もし与党過半数割れなら連立再編か石破退陣か。天下分け目の決戦は間もなく始まる
与党の過半数は厳しい状況
明後日いよいよ第50回衆議院選挙の投開票が行われる。メディア各社の戦前予想は、選挙戦序盤では自民党が議席を減らし単独過半数を失うものの、勝敗ラインの「与党過半数」は取れるだろう」というものだったが、中盤から終盤戦に入ると自民党が失速し「与党過半数割れ」の可能性が出ている。 【画像】選挙で敗れ退陣を表明する橋本元首相 石破茂首相も22日の演説で「与党の過半数は非常に厳しい状況」と述べて勝敗ラインに届かない可能性を認めた。 与党は勝敗ラインを低めに設定するのが常で、選挙戦の途中で勝敗ラインに届くか届かないかという話になるというのはあまり聞いたことがない。だからかなり深刻な状況と言える。ただ2割位の人が投票先を決めていないのでまだどうなるかはわからない。 またメディアの事前予測による「アナウンスメント効果」というのがあって、有権者が予測を見て「勝ち馬に乗る」=強いと予想されている政党を「勝たせたい」と思う場合と、「判官びいき」=弱いと予想される政党を「負けさせたくない」と思う場合の2パターンがあるのだ。 いずれにせよ自民の議席は大きく減ると思われるので、就任したばかりの石破首相にとっては「負けいくさ」となる。

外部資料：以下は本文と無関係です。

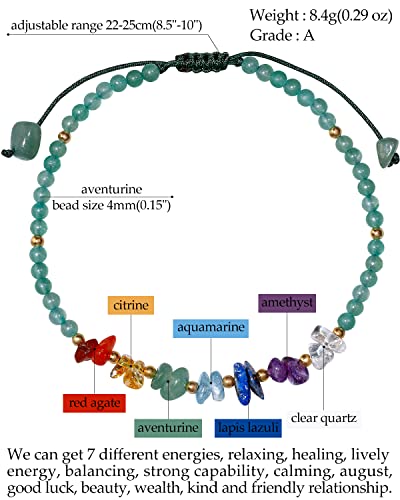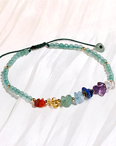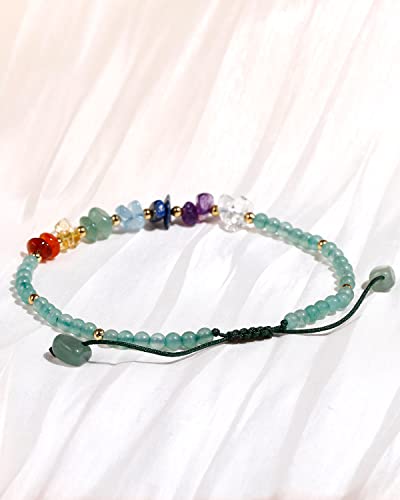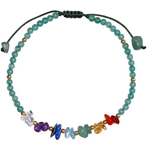 JEWEVER - خلخال خرز قابل للتعديل من أحجار الشاكرا السبعة الحقيقية لطاقة الشفاء والأحجار الكريمة للنساء من جويفر (افينتورين)
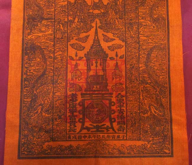 ผ้ายันต์ จีน ไม่ทราบที่ ลวดลายสวย ครับ (พระบ้าน ครับ)
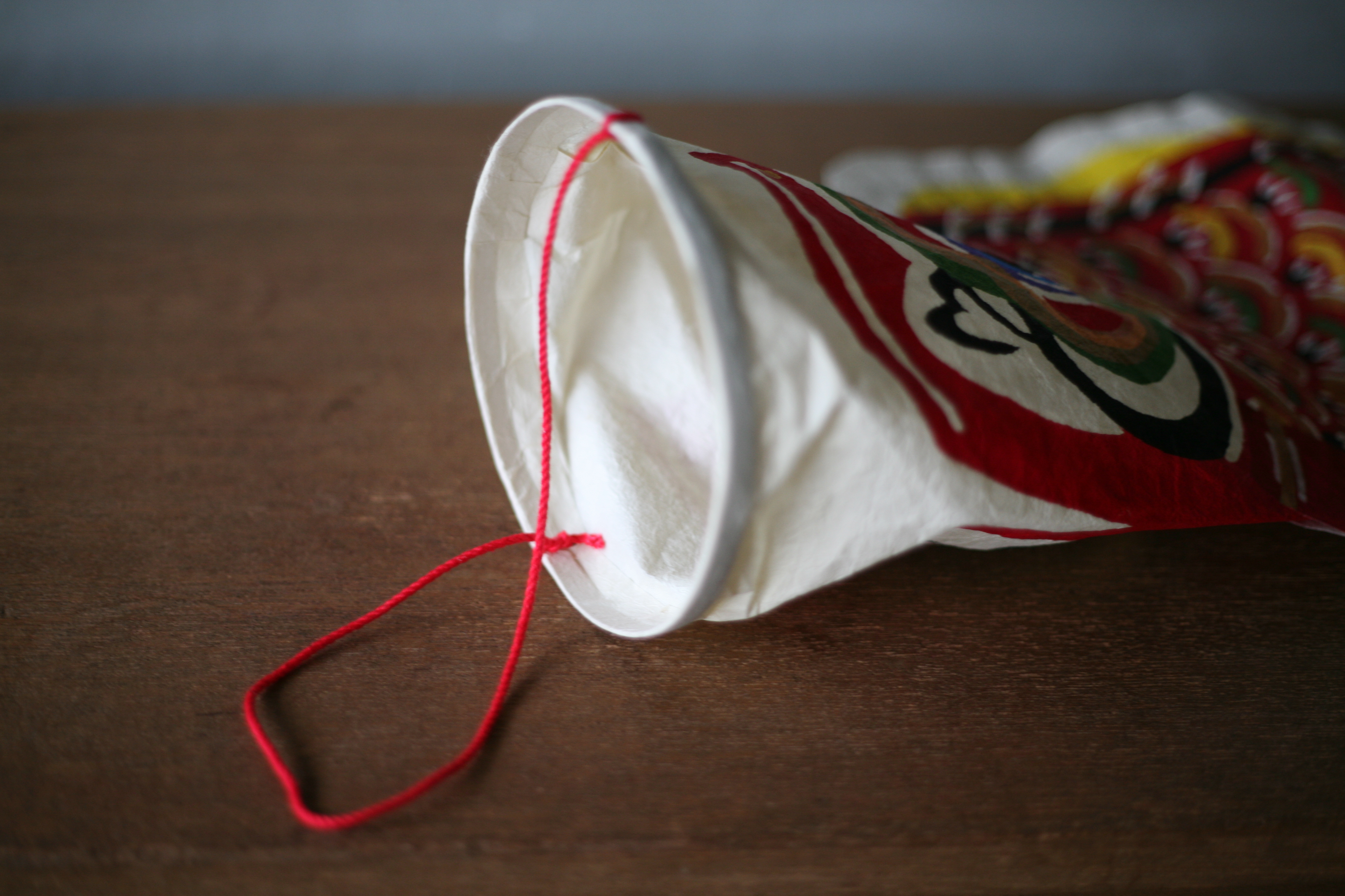 Questo streamer a forma di carpa, realizzato in carta giapponese fatta a mano con tintura a stencil, è straordinariamente leggero e facile da esporre. Oltre ad appenderlo al palo incluso, è possibile lasciarlo nuotare lungo una parete o sospenderlo al soffitto, godendo ogni anno di nuove idee di esposizione. Guardarlo ondeggiare dolcemente nella brezza del condizionatore d'aria cattura il fascino unico della carta washi. Con il passare degli anni, sviluppa una lucentezza simile alla pelle, evolvendosi in un pezzo ancora più profondamente espressivo.
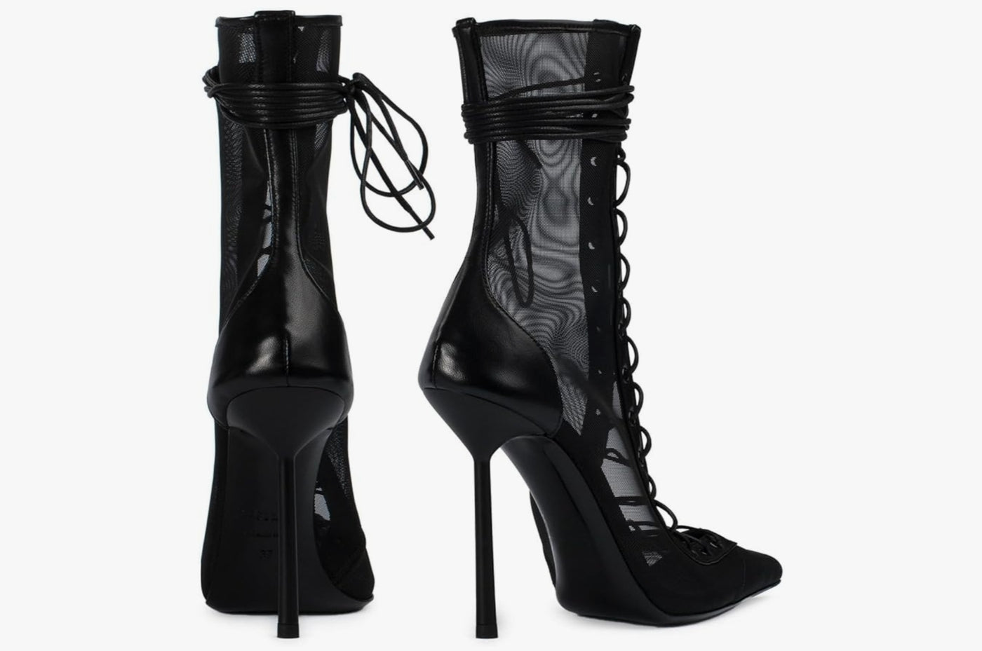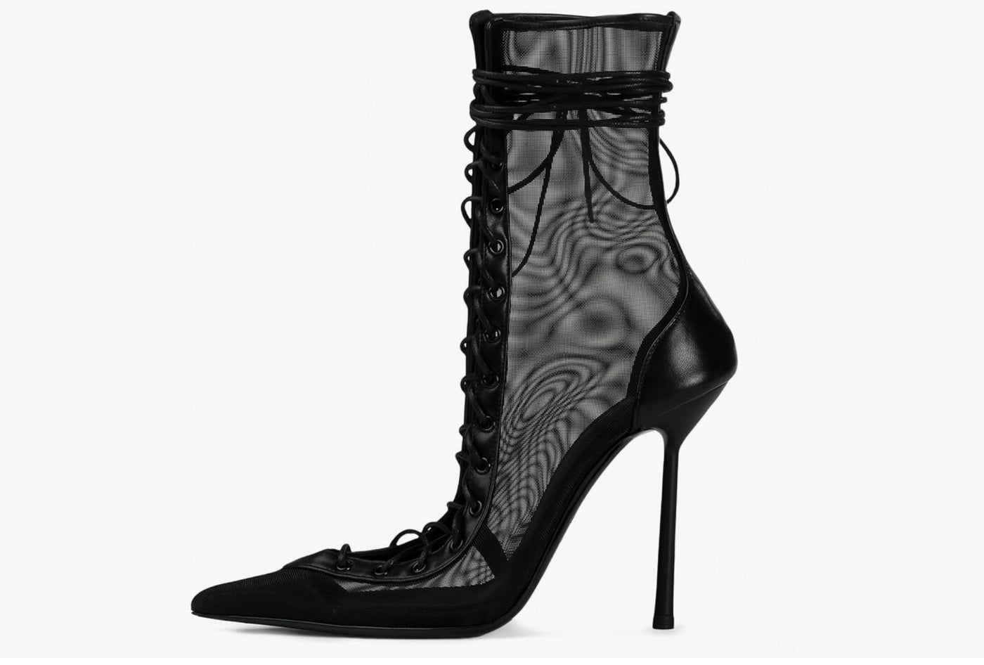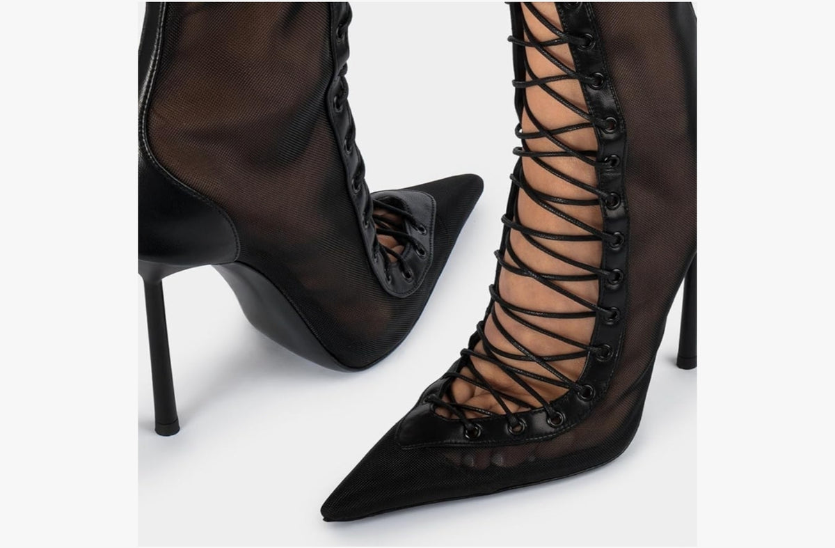 Diese kniehohen Stiefel sind ein absoluter Hingucker und vereinen Eleganz mit einem Hauch Extravaganz. Das Design mit transparenter Mesh-Optik, spitzer...
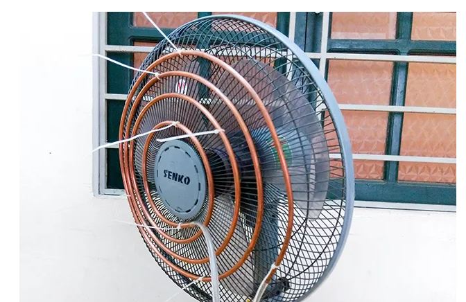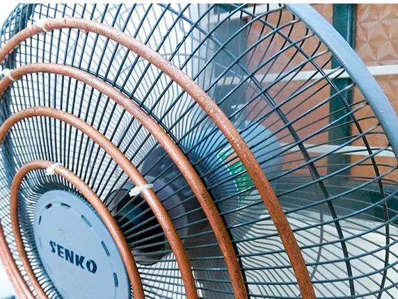 Các bạn quấn ống đồng thành các hình tròn đồng tâm rồi gắn nó lên quạt bằng dây rút như hình. Sau khi rút xong các bạn cắt bỏ dây thừa đi cho gọn. Cắt đoạn ống nhựa nhẻo PVC phi 6 thành hai đoạn dài khoảng 70 cm rồi nối vào hai đầu của ống đồng.

ただ同じ「負け」でも与党過半数を維持するか割り込むかは天と地ほどの差がある。
選挙で負けた首相は退陣する
政権交代はなくても過半数を割った場合、首相は退陣することが多い。2007年の参院選で過半数を失った安倍晋三首相(当時)はその2ヶ月後に退陣、さらに1998年の参院選で過半数を失った橋本龍太郎氏は開票日当日に退陣した。 だから衆院の過半数である233議席を与党で一つでも割ったら石破氏は退陣するとの見方がある。そして自民党は両院議員総会を開いて新総裁を選出するのだが、本来先日の総裁選で石破氏に惜敗した高市早苗経済安保相が後継になってもおかしくない。 だが政権中枢の菅義偉元首相、森山裕幹事長はそれを良しとはしないだろう。かと言って総裁選への参加者の他の誰かを選ぶというのも筋が立たない。まさか岸田文雄前首相の再登板はないと思うが次期総裁の選出はモメそうだ。